Marcin Brosz cieszy się z powrotu Krzysztofa Kiklaisza

Ostatecznie skończyło się na bardzo wysokiej wygranej 13:1. Aż cztery bramki zdobył Ryczkowski, do tego trzy dołożył Igor Angulo, a dwie debiutujący w zabrzańskiej jedenastce Kamil Zapolnik, który został przez Górnika pozyskany w ostatnim dniu letniego okienka transferowego. Z wyjazdu do niespełna dwutysięcznego Lisowa w powiecie lublinieckim bardzo zadowolony był Marcin Brosz.

–Wynik był tutaj sprawą drugorzędną. Przede wszystkim chcieliśmy podziękować organizatorom za zaproszenie nas do Lisowa, a także przygotowanie samego meczu. Bardzo dobre boisko, świetna atmosfera na trybunach, gdzie pojawiło się wielu kibiców. Cieszymy się, że mogliśmy zagrać w takim spotkaniu – komentował szkoleniowiec Górnika.

Trener Marcin Brosz dodawał. – Najważniejsze był uczczenie jubileuszu 50-lecia klubu, a także otwarcie nowego i funkcjonalnego pawilonu sportowego w Lisowie. Dla nas najistotniejsze przy tym wszystkim było to, że zagrał Krzysztof Kiklaisz. To nasz kolejny zawodnik, który wraca do gry po ciężkiej kontuzji. Bardzo się cieszymy, że już jest z nami – podkreśla Marcin Brosz.
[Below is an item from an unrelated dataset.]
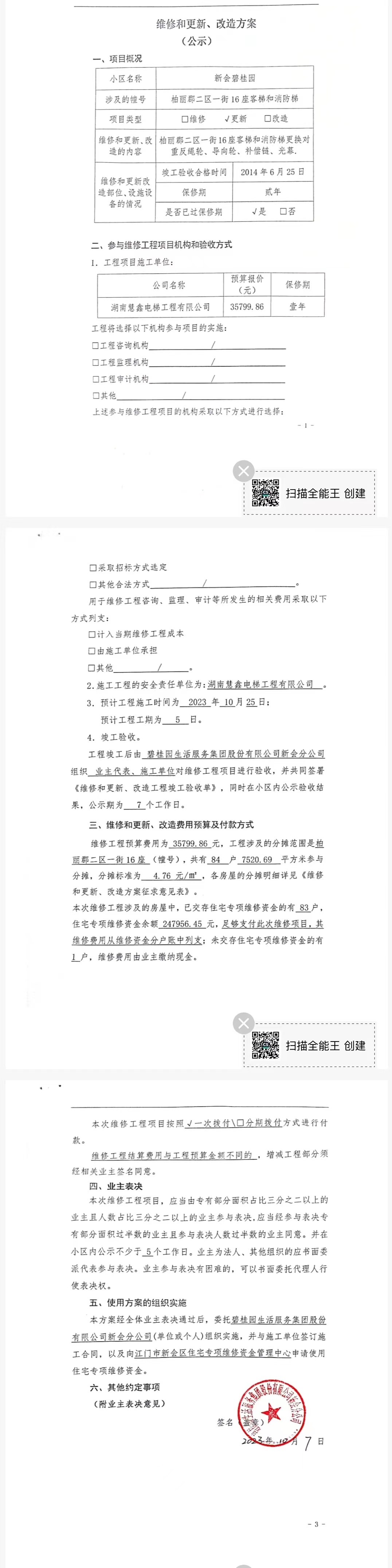 <td VALIGN="top" VALUES="" STYLE="border-width:0" BINDTYPE="0" ROWSPAN="18" COLSPAN="7" DATASOURCE="投票内容" ><font style="font-size:12pt;"><p style="text-align: left; font-family: 宋体; font-size: 16px; line-height: 1.75em;"><strong style="text-align: left; line-height: 1.75em;">一、投票范围</strong><br/></p><p style="white-space: normal; font-family: 宋体; font-size: 16px; line-height: 1.75em; text-indent: 2em;">新会碧桂园柏丽郡二区一街16座</p><p style="white-space: normal; font-family: 宋体; font-size: 16px; line-height: 1.75em; text-indent: 2em;">总人数(专有部分人数之和):82</p><p style="white-space: normal; font-family: 宋体; font-size: 16px; line-height: 1.75em; text-indent: 2em;"><span style="font-family: 宋体; text-indent: 32px;">总户数:84</span></p><p style="white-space: normal; font-family: 宋体; font-size: 16px; line-height: 1.75em; text-indent: 2em;">建筑物总面积(专有部分面积之和):7520.69㎡</p><p style="white-space: normal; font-family: 宋体;font-size: 16px; line-height: 1.75em;"><strong>二、投票起止时间</strong></p><p style="white-space: normal; font-family: 宋体; font-size: 16px; line-height: 1.75em; text-indent: 2em;">投票表决时间:从2023年10月08日到2023年11月07日止</p><p style="white-space: normal; font-family: 宋体; font-size: 16px; line-height: 1.75em; text-indent: 2em;">投票询异公示时间:从2023年11月08日开始</p><p style="white-space: normal; font-family: 宋体; font-size: 16px; line-height: 1.75em; text-indent: 2em;">投票结果通知公告时间:从2023年11月15日开始</p><p style="white-space: normal; font-family: 宋体;font-size: 16px; line-height: 1.75em;"><strong>三、投票详细描述</strong></p><p style="white-space: normal; font-family: 宋体; font-size: 16px; line-height: 1.75em; text-indent: 2em;"><table class="formGrid" width="1387" style="width: 733px;"><tbody><tr class="firstRow"><td colspan="3" style="border-left-style: dotted; border-left-color: rgb(212, 212, 212); border-bottom-color: rgb(212, 212, 212); padding: 0px;"><p>新会碧桂园柏丽郡二区一街16座客梯和消防梯有异响和振动严重,经检查由于反绳轮、导向轮、补偿链、光幕使用时间较长出现油泥、磨损等现象,导致电梯在运行过程中出现异响和振动严重。已过保修期,现申请使用维修资金对新会碧桂园柏丽郡二区一街16座客梯和消防梯反绳轮、导向轮、补偿链、光幕进行维修,工程维修预算约35799.86元,项目最终费用以施工合同签订为准,维修费用的分摊标准按建筑面积分摊,每平方约4.76元,详见公示,如果有业主手机不能正常通过微信投票的,请联系物业公司进行线下纸质投票,物业电话17308202882.</p></td></tr></tbody></table><p><br/></p></p><p style="white-space: normal; font-family: 宋体;font-size: 16px; line-height: 1.75em;"><strong>四、计票规则</strong></p><p style="white-space: normal; font-family: 宋体; font-size: 16px; line-height: 1.75em; text-indent: 2em;"><span style="font-family: 宋体; text-indent: 32px;">表决事项:使用建筑物及其附属设施的维修资金<br /><p style='text-align: left; font-family: 宋体; font-size: 16px; line-height: 1.75em; text-indent: 2em;'>计票规则:弃权票不并入其它项&nbsp;&nbsp;&nbsp;&nbsp;未表决票不并入其它项</p></span></p><p style="white-space: normal; font-family: 宋体;font-size: 16px; line-height: 1.75em;"><strong>五、通过规则</strong></p><p style="white-space: normal; font-family: 宋体; font-size: 16px; line-height: 1.75em; text-indent: 2em;"><span style="font-family: 宋体; text-indent: 32px;">表决事项:使用建筑物及其附属设施的维修资金<br /><p style='text-align: left; font-family: 宋体; font-size: 16px; line-height: 1.75em; text-indent: 2em;'>通过规则:参与表决专有部分面积过半数的业主且参与表决人数过半数的业主同意</p></span><span style="font-family: 宋体; text-indent: 32px;"></span></p><p style="text-align: left; font-family: 宋体; font-size: 16px; line-height: 1.75em;"><strong>六、投票方式</strong></p><p style="text-align: left; font-family: 宋体; font-size: 16px; line-height: 1.75em; text-indent: 2em;"><span style="font-size: 16px; font-family: 宋体">在投票事项通知公告日起,请业主扫描二维码或者关注微信公众号(<strong>江门住建易办事</strong>)查看详细情况并进行投票。</span></p><p style="text-align: center; font-family: 宋体; font-size: 16px; line-height: 1.75em; text-indent: 2em;"><span style="font-size: 16px; font-family: 宋体"><strong style="font-family: 宋体; text-align: center; white-space: normal; line-height: 1.75em;"><img src="http://jmzjj.jiangmen.cn:8071/Areas/Custom/Content/images/jmzjybs.jpg"/></strong></span></p><p style="text-align: right; font-family: 宋体; font-size: 16px; line-height: 1.75em; text-indent: 2em;"><span style="text-align: right;">申报单位(盖章):碧桂园生活服务集团股份有限公司新会分公司</span></p><p style="text-align: right; font-family: 宋体; font-size: 16px; line-height: 1.75em;">2023年10月08日</p></font></td>

20-letni Kiklaisz był późną jesienią zeszłego roku kolejnym z młodych graczy, który dostał w ekstraklasie swoją szansę. Młody napastnik zagrał w trzech ligowych grach i pokazał, że ma papiery na granie. Niestety, w grudniowym meczu z Cracovią nabawił się kontuzja łąkotki. Potrzebny był zabieg, a potem długotrwała rehabilitacja. Teraz Kiklaisz już gra. W sobotę trafił już nawet do siatki rywala.